IUBio

readseq in C++/Java - comments?

Don Gilbert gilbertd at bio.indiana.edu
Mon Jul 14 18:03:02 EST 1997


I would like to hear from biocomputing managers and server 
maintainers and others who use sequence glue tools like readseq and
need to compile from scratch.  Do you have concerns about C++
as a portable source?

I disagree with David's comments below.  In my experience
it is very portable.  I've been using C++ on multiple systems
for several years now and haven't had any problems getting the source 
to compile with the same compiler set I use for C, including
  Macintosh:  Codewarrior C/C++, MPW C/C++, Symantec C/C++
  MSWindows:  Symantec C/C++, Borland C/C++
  Solaris (Sparc/X86): Sun cc/CC
  SGI Irix: SGI cc/CC
  Dec OSF/ Dec Unix:  cc/cxx
  All unix platforms (e.g., Linux): Gnu gcc/g++
  
None of these current compilers use the old AT&T C-Front
preprocessor that did have various problems, but even that
provided a standard C++ compiler, you just had to avoid
some of the later extensions to C++ like templates and exceptions.

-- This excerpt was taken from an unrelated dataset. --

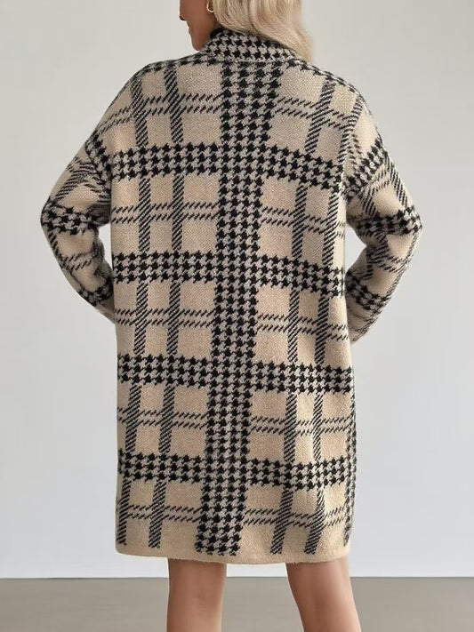 Houndstooth Knitted Long Cardigan Stylish Knit

The only hassle I have with getting C++ portable is that
some of the above Unix compilers are very insistant that you use
a limited set of file suffixes for your C++ code, and the
suffix set does not intersect (e.g., SGI's CC requires a different
suffix that Sun's... so my make scripts have to rename a
bunch of files, how stupid.  The most compatible suffix is '.cc').

As for a Java version of readseq, Java is becoming the single
best choice for any software with a user interface.  As a
language it offers some very good new features that are lacking
in C++ (and many many more interesting things than tired old C).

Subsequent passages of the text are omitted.